Customer: Hi, this is Celine. I can’t get my diskette out.
Tech support: Have you tried pushing the button?
Customer: Yes, sure, it’s really stuck.
Tech support: That doesn’t sound good; I’ll make a note.
Customer: No, wait a minute. I hadn’t inserted it yet. It’s still on my desk . . . sorry.
Tech support: Click on the ‘my computer’ icon on the left of the screen.
Customer: Your left or my left?
Tech support: Good day. How may I help you?
Male customer: Hello. I can’t print.
Tech support: Would you click on "start" for me and . . .
Customer: Listen pal; don’t start getting technical on me! I’m not Bill Gates.
Customer: Hi, good afternoon, this is Martha, I can’t print. Every time I try, it says "Can’t find printer." I’ve even lifted the printer and placed it in front of the monitor, but the computer still says he can’t find it.
Customer: I have problems printing in red.
Tech support: Do you have a color printer?
Customer: Aaaah . . . thank you.
Tech support: What’s on your monitor now, ma’am?
Customer: A teddy bear my boyfriend bought for me at the 7-11.

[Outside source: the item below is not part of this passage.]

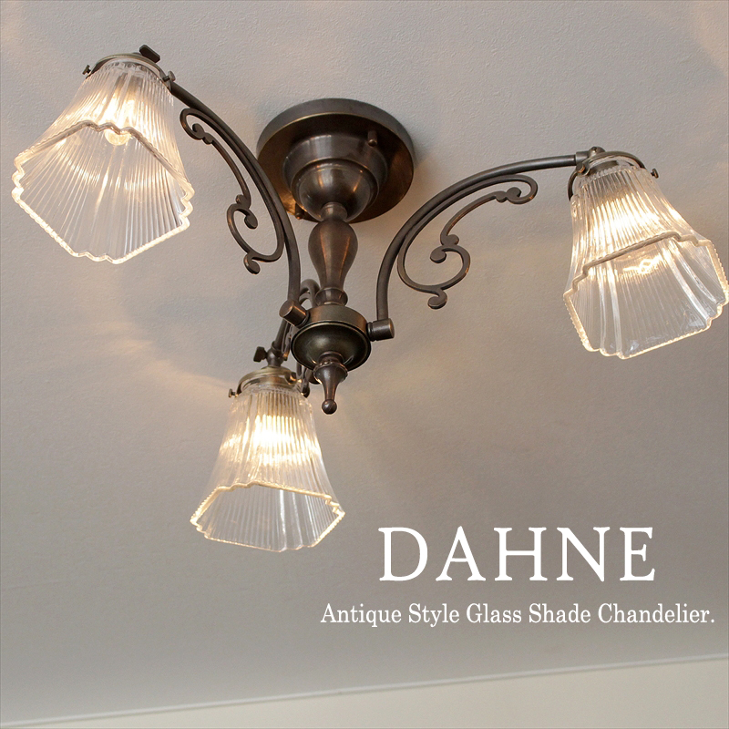 シーリングシャンデリア・アンティーク調ガラスシェード・ブロンズ・ダフネ・3灯

Customer: My keyboard is not working anymore.
Tech support: Are you sure it’s plugged into the computer?
Customer: No. I can’t get behind the computer.

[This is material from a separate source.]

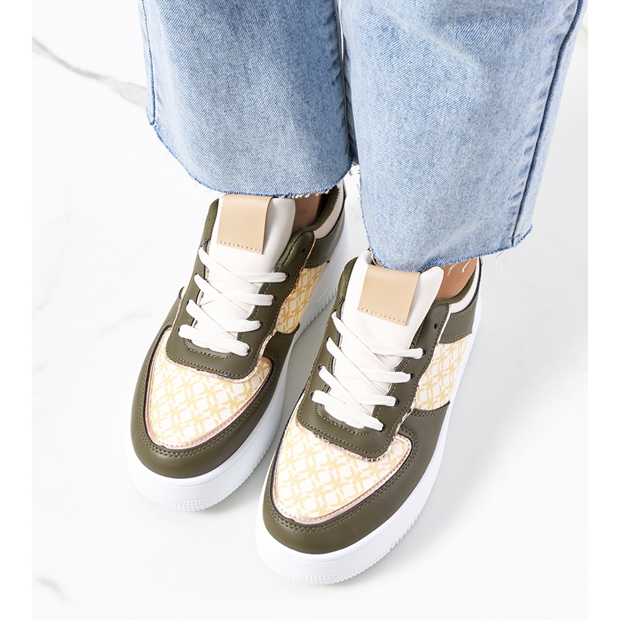 Lär känna de gröna Manal damsneakers i en nyans av beige och khaki - en väsentlig del av varje sommargarderob! Dessa fashionabla sneakers kännetecknas av en modern design och en bekväm, hög sula som garanterar komfort även hela dagen.

Tech support: Pick up your keyboard and walk 10 paces back.
Customer:! OK.
Tech support: Did the keyboard come with you?
Customer: Yes.
Tech support: That means the keyboard is not plugged in. Is there another keyboard?

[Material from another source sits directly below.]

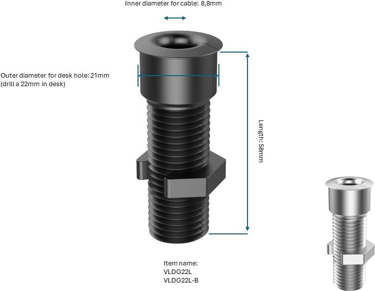 Diese Tischdurchführung erfordert ein 22 mm großes Loch im Tisch. Diese Version kann für Tischplatten mit einer Dicke von bis zu 55 mm verwendet werden. Dieser Lochdurchmesser ist so ausgelegt, dass Vivolink HDMI-, DisplayPort-, USB-C- oder RJ45- Kabelenden durch den Tisch geführt werden können, ohne das Kabel durchzuschneiden.
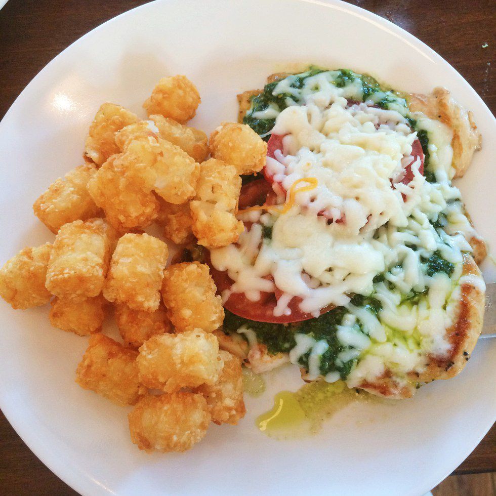 This is by far my favorite chicken dish out there. One of the cool things about the chicken at Flipside is that you can get it fried and crispy or pan sauteed. I don't like breaded chicken, so I like that I can avoid that. This chicken dish in particular is smothered with a fresh, herby basil, topped with thick slices of tomato and then covered in mozzarella that melts over the top to cover it all.

Customer: Yes, there’s another one here. Ah . . . that one does work.
Tech support: Your password is the small letter "a" as in apple, a capital letter V as in Victor, the number 7.
Customer: Is that 7 in capital letters?
Customer: I can’t get on the Internet.
Tech support: Are you sure you used the right password?
Customer: Yes, I’m sure. I saw my colleague do it.
Tech support: Can you tell me what the password was?
Customer: Five stars.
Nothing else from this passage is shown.